Yesterday Rin turned 18… I woke up remembering last year:
I woke up with Roo late in the morning. It was going to be a busy day for him meeting with the Marine recruiter and getting paperwork in order for him to formally enlist the following week. I reminded him we would be having cake and ice cream for his sister later that evening and the cake would be ready for him to decorate by about 4ish. One of the birthday traditions in our family has been for brother to decorate sister’s cake and vice versa. This has resulted in some great cakes – Roos’ eleventh birthday cake was filled with Polly Pockets on a fashion catwalk, Rin’s 17th birthday cake was filled with pocket knives and shotgun shells – they became more outlandish with the years.
I have pictures running through my head of Roo getting a kick out of putting his pocket knives blade first all over her cake… she appreciated his humor and the resulting very masculine cake. The year before he had used G.I. Joes to create a battle scene on her cake complete with fresh blackberries from the backyard used as fake blood. He had such an imagination…
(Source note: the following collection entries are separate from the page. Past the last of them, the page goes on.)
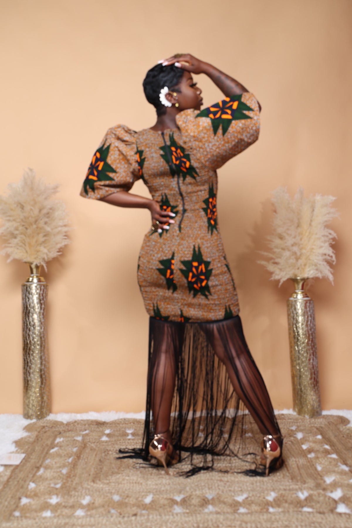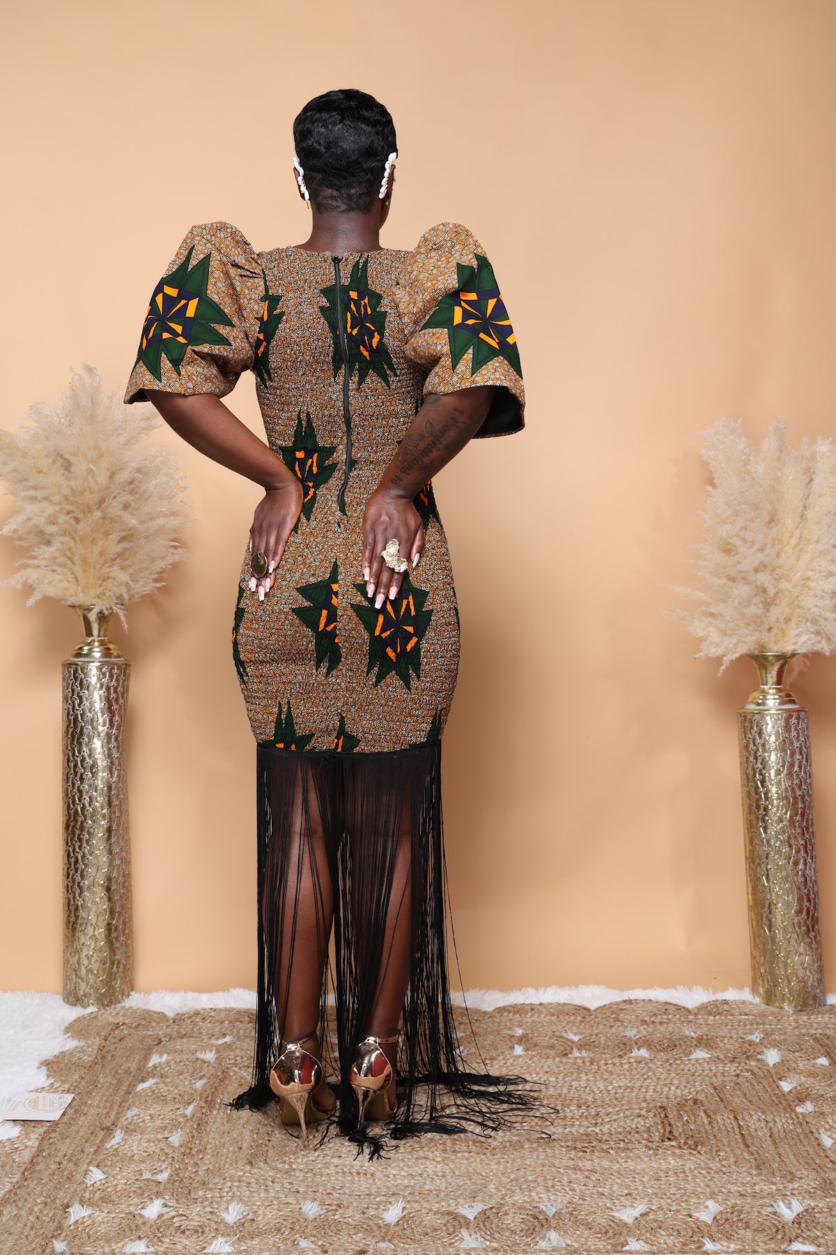 Unleash your inner queen with this beautiful African print stretchy Fringe Dress! This elegant, mid-length dress is crafted from comfortable African print material, perfect for any classy occasion. We used a beautiful breathable 100% cotton African fabric.
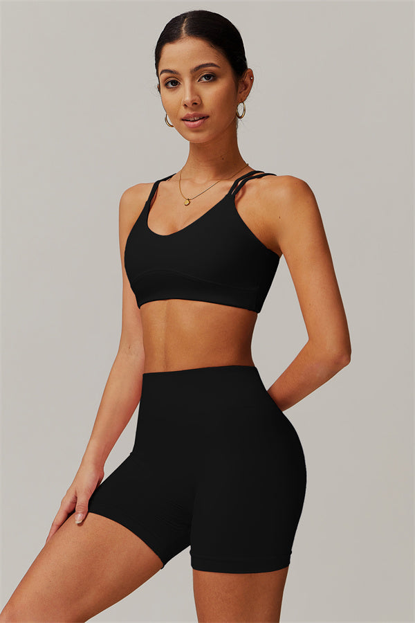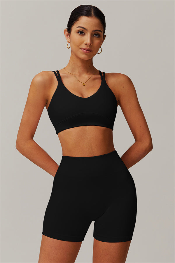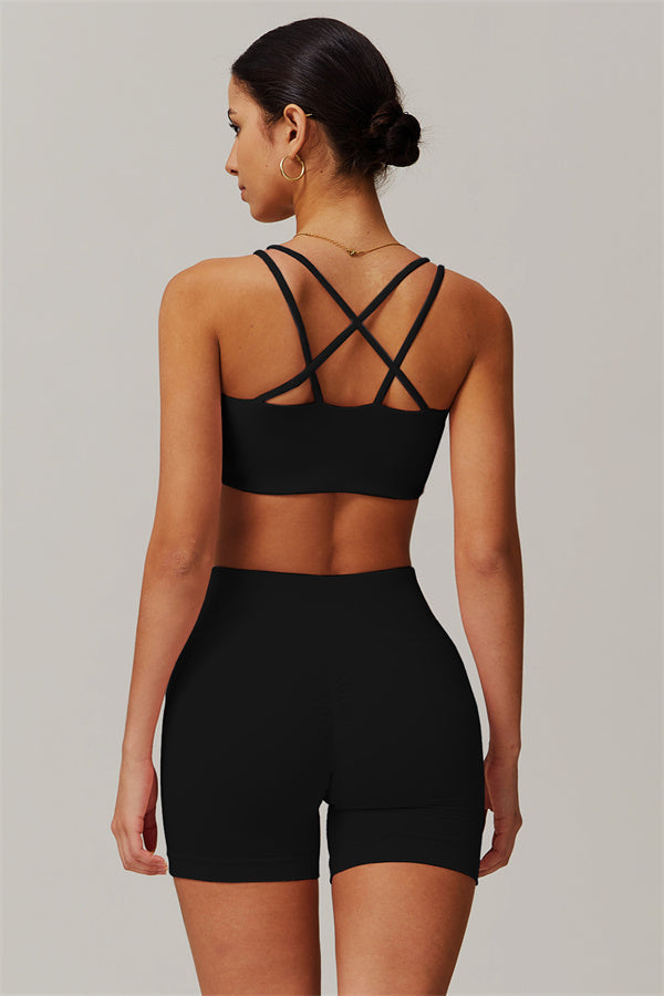 Il reggiseno sportivo vanta un design con spalline multiple incrociate sul retro che esalta la bellezza della tua schiena, creando una silhouette elegante. La parte anteriore è realizzata con cuciture strutturate per sollevare e modellare il tuo décolleté, per un aspetto lusinghiero e pieno. Le coppe removibili ti consentono di personalizzare la vestibilità, rendendolo perfetto per allenamenti o uscite informali.
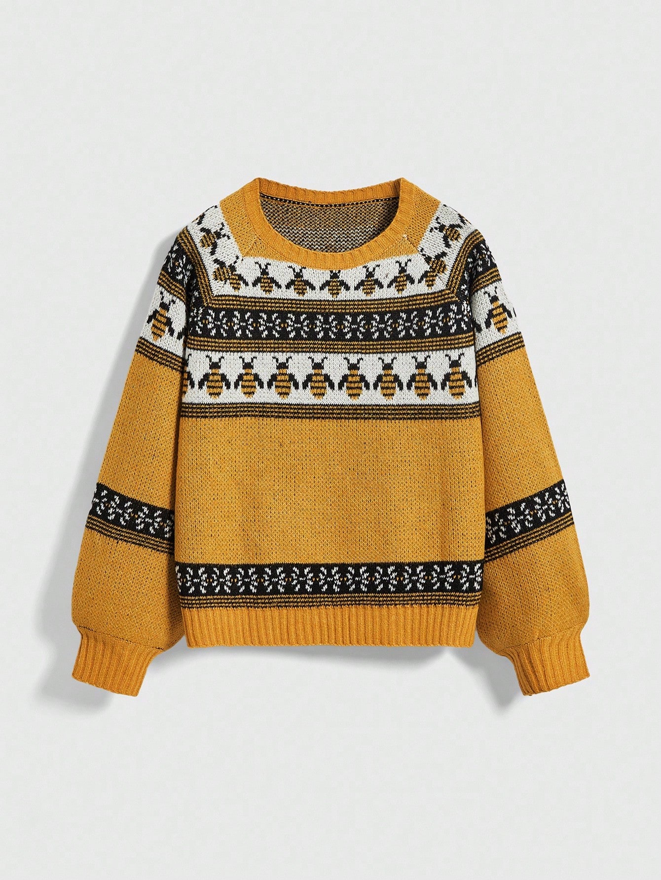 Fairycore Plus Size Vintage Bee Pattern Casual Crew Neck Sweater For Women, Winter

Before serving the cake I removed all the “decorations” and set them on a plate to clean off later – I never got to it before the accident and now they are sitting on a windowsill in my bedroom forever covered in icing. I can’t bring myself to clean them off – he touched them and was grinning ear to ear putting them on the cake – he was happy and alive.
Rin is celebrating her 18th birthday in Hawai’i with her best friend. It was so hard for me to send her away all by herself on a plane, but I hope she creates some good memories for this first birthday without her brother. I hope she will learn to be able to look forward to her birthday someday.
How do you teach someone how to be a little sister with no big brother? How do you teach someone how to grieve? I don’t know. Becoming an adult is hard enough, how do you do it with a heart full of grief, regret, and pain from such a huge loss?
This last year was Rin’s senior year of high school and my senior year at University. I went back to earn a Bachelors in Sociology with a minor in Gerontology. It was the most difficult year for everyone. She graduated from a community college dual enrollment program with the high school. I am so proud of her for finishing. I walked, I have five incompletes to finish this summer. I can’t focus to finish my papers. It seems every time I try to concentrate on one of my subjects my mind moves to Roo. I feel like a hypocrite having told Rin how important it is to work on her studies and here I am pretending to study. The courses I need to finish just seem so trivial in comparison to the loss of my Roo.